ST. PAUL, Minn. (KTTC) -- Governor Mark Dayton released his $750 million bonding bill on Monday, and expanding Rochester's Mayo Civic Center is among the projects.
However, this bill requires Republican support to pass.
Rochester Republican Senators Dave Senjem and Carla Nelson say they support expanding the Mayo Civic Center, but they see some other possible problems with the governor's bonding bill.
That could be a problem for the governor because the bill needs a 3/5 majority to pass, and though Democrats control both houses of the legislature, they still don't have that much of a margin.
Rochester Republicans had one initial reaction to Governor Dayton's bonding bill.
"One concern I would say is the size," Nelson said.
"750 is typically a bit more than we would do in a first year," Senjem said.
However, the Governor says with low interest rates and a strong construction workforce, now is the time for his 64 recommendations which also include money for RCTC and Winona State classroom renovations as well as money for Rochester to takeover Highway 63 from the state.
"Given the backlog from previous governors vetoes and from lack of legislative support the last two years there's just huge need for it," Dayton said.
But for the bill to pass, Senator Senjem says there's still plenty of work to be done on it in the legislature.
"I expect it will probably be a little less than it is now or reconfigured in some form," Senjem said.
Senator Nelson says the state has some other business to sort out first.
"We have to vote for a budget first," Nelson said.
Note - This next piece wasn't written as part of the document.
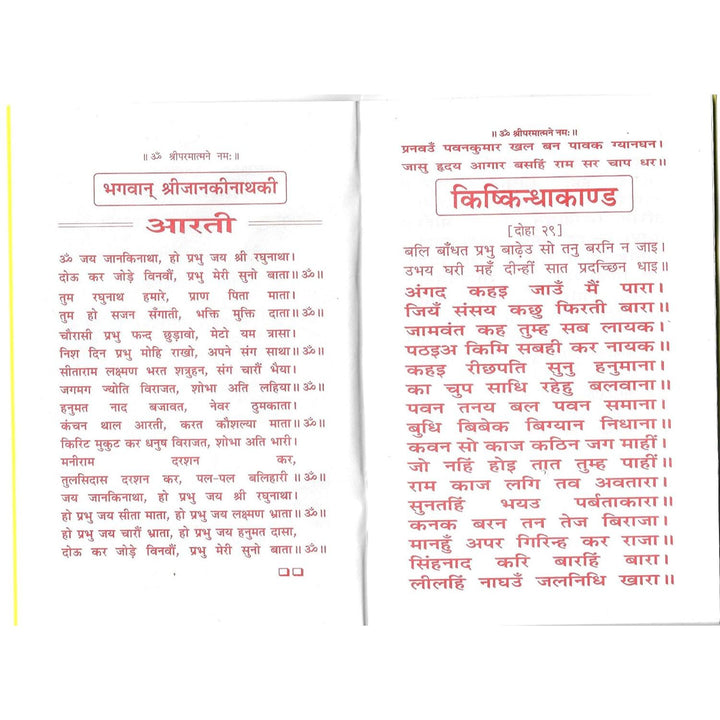 श्रीरामचरितमानस—गोस्वामी श्रीतुलसीदासजी महाराजके द्वारा प्रणीत श्रीरामचरितमानस हिन्दी साहित्यकी सर्वोत्कृष्ट रचना है। आदर्श राजधर्म, आदर्श गृहस्थ-जीवन, आदर्श पारिवारिक जीवन आदि मानव-धर्मके सर्वोत्कृष्ट आदर्शोंका यह अनुपम आगार है। सर्वोच्च भक्ति, ज्ञान, त्याग, वैराग्य तथा भगवान्की आदर्श मानव-लीला तथा गुण, प्रभावको व्यक्त करनेवाला ऐसा ग्रन्थरत्न संसारकी किसी भाषामें मिलना असम्भव है। आशीर्वादात्मक ग्रन्थ होनेके कारण सभी लोग इसका मन्त्रवत् आदर करते हैं। इसका श्रद्धापूर्वक पाठ करनेसे एवं इसके उपदेशोंके अनुरूप आचरण करनेसे मानवमात्रके कल्याणके साथ भगवत्प्रेमकी सहज ही प्राप्ति सम्भव है। इस दिव्य ग्रन्थरत्नकी अधिकाधिक प्रचार-प्रसारकी दृष्टि से ही गीताप्रेससे इसके बृहदाकार, ग्रन्थाकार, मझला आकार, गुटका आकार और अलग-अलग काण्डके रूपमें विभिन्न भाषाओंमें सटीक एवं मूल अनेक संस्करण प्रकाशित किये गये हैं। श्रीरामचरितमानसका सटीक संस्करण अबतक प्रकाशित सैकड़ों टीकाओंमें पाठ-भेदोंको दृष्टि में रखकर सर्वाधिक प्रमाणित टीकाके रूपमें निकाला गया। यहाँसे प्रकाशित श्रीरामचरितमानसका मूलपाठ भी यथाशक्ति सर्वाधिक शुद्ध तथा क्षेपकरहित है। श्रीरामचरितमानसके सभी संस्करणोंमें पाठ-विधिके साथ नवाह्न और मासपारायणके विश्रामस्थान, गोस्वामीजीकी संक्षिप्त जीवनी, श्रीरामशलाका प्रश्नावली तथा अन्तमें रामायणजीकी आरती दी गयी है। गीताप्रेससे प्रकाशित श्रीरामचरितमानसके विभिन्न संस्करणोंकी प्रत्येक घरमें उपस्थिति ही इसकी लोकप्रियता तथा प्रामाणिकताका सुन्दर परिचय है।
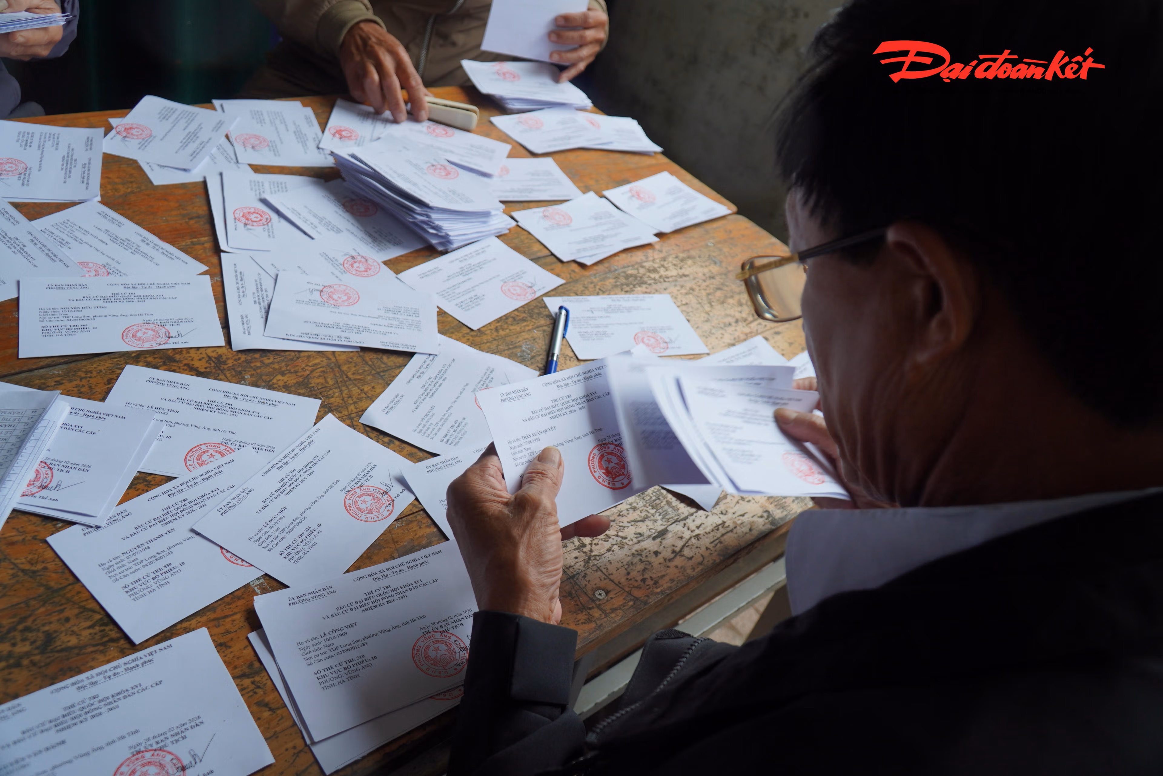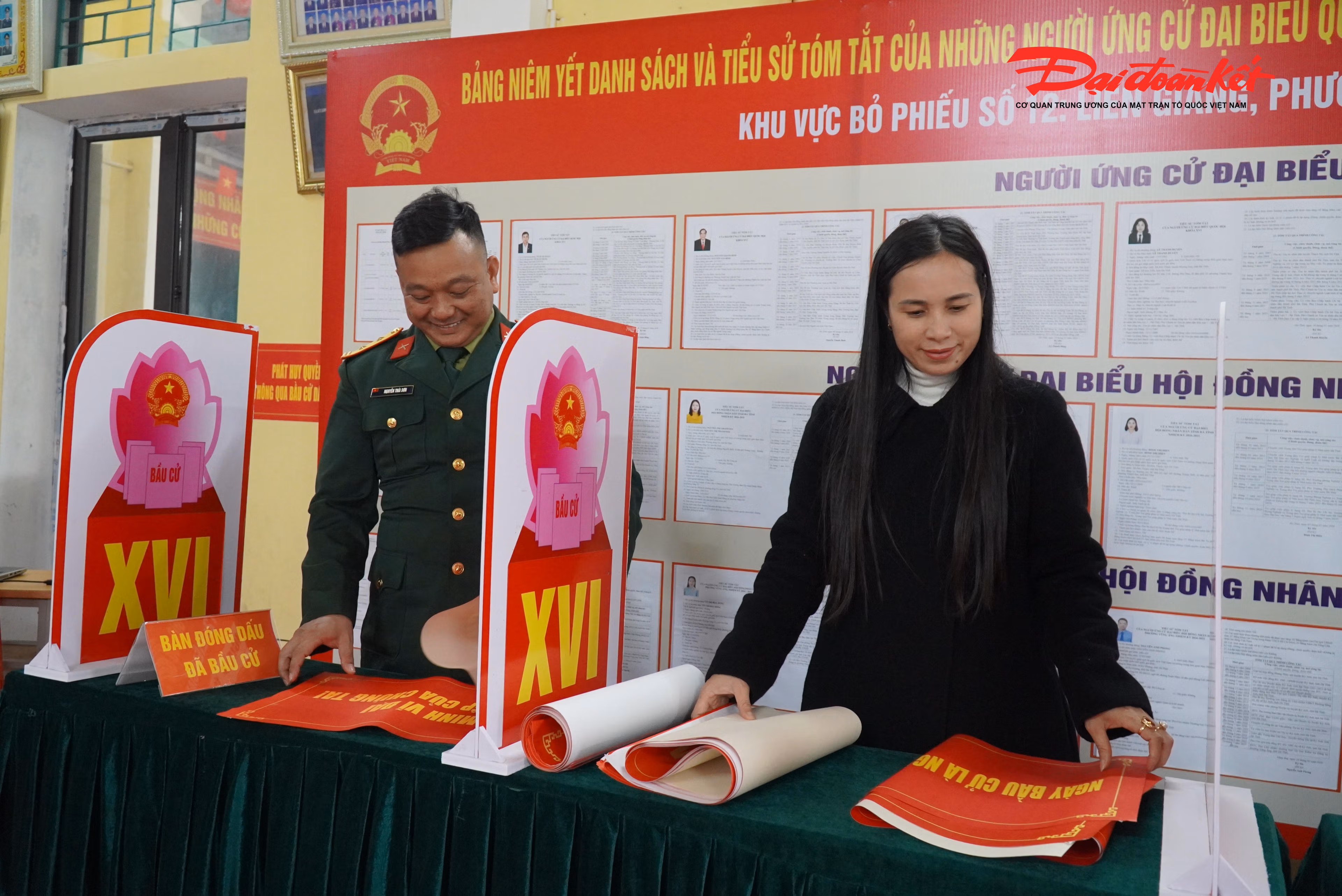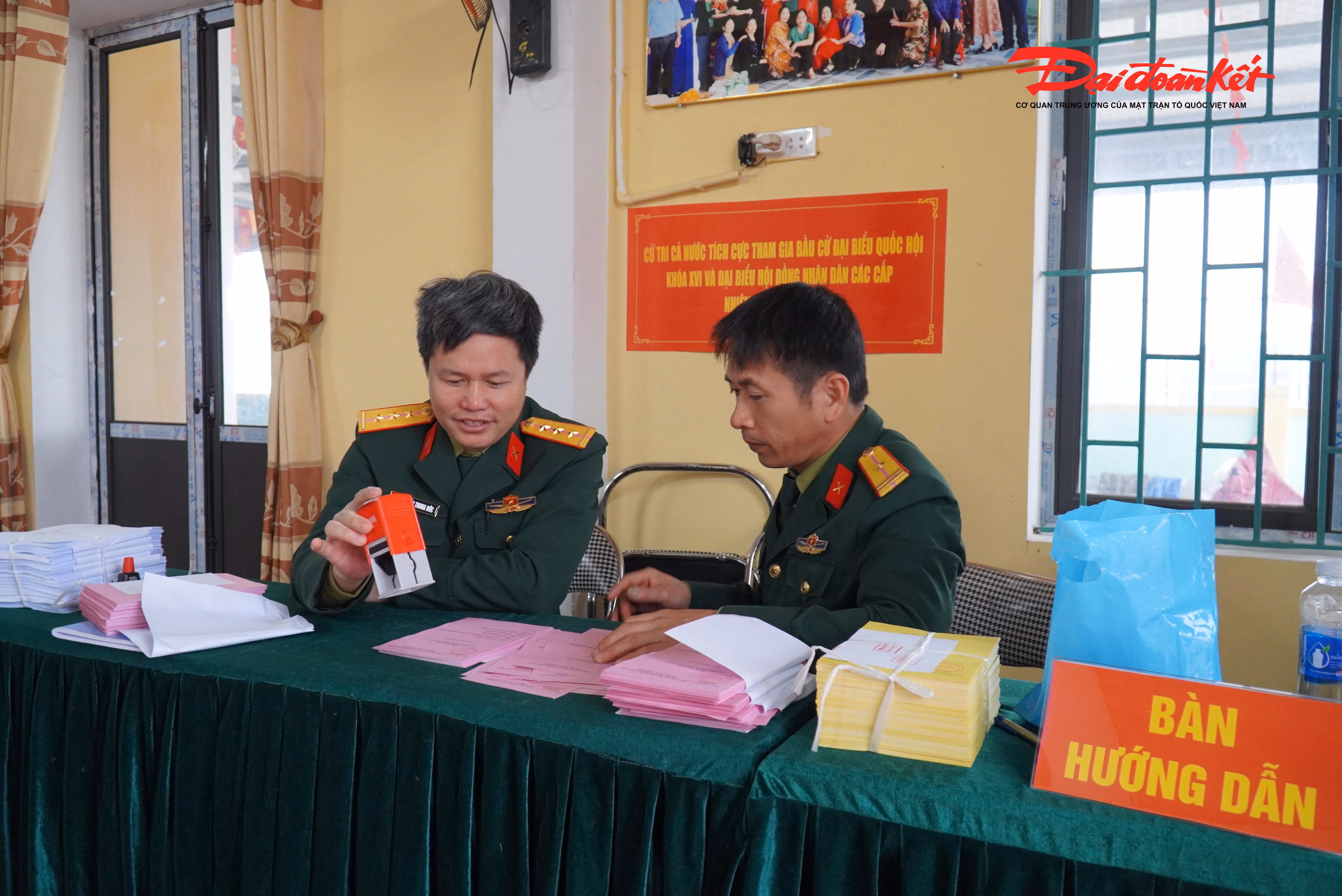 Ở một góc khác, hai cán bộ thuộc lực lượng quân sự cẩn thận đóng dấu lên từng lá phiếu bầu cử. Những con dấu đỏ lần lượt hiện lên, từng tập phiếu được xếp gọn gàng chờ chuyển sang khâu tiếp theo.

Then we can talk about bonding."
When it comes down to what needs to go from the bill, both senators have a pretty clear indication.
"There's some things in there that would just give me heartburn like a sculpture garden certainly," Nelson said. "I think there's funding in there for a ski chalet."
"There are other projects in there that deal with ski chalets and sculpture gardens," Senjem said.
While the Senators both agree work needs to be done on the bill, they say they still hope to see money for the Mayo Civic center in the final version.
After fighting for that money last summer, Senjem says it shouldn't have taken this long.
"We could have had this done frankly six months ago," Senjem said.
The governor's bonding recommendations allocate $35 million to expand the Mayo Civic Center.
The biggest single expense in the governor's recommendations goes right into the capitol building -- $109 million on continued restorations.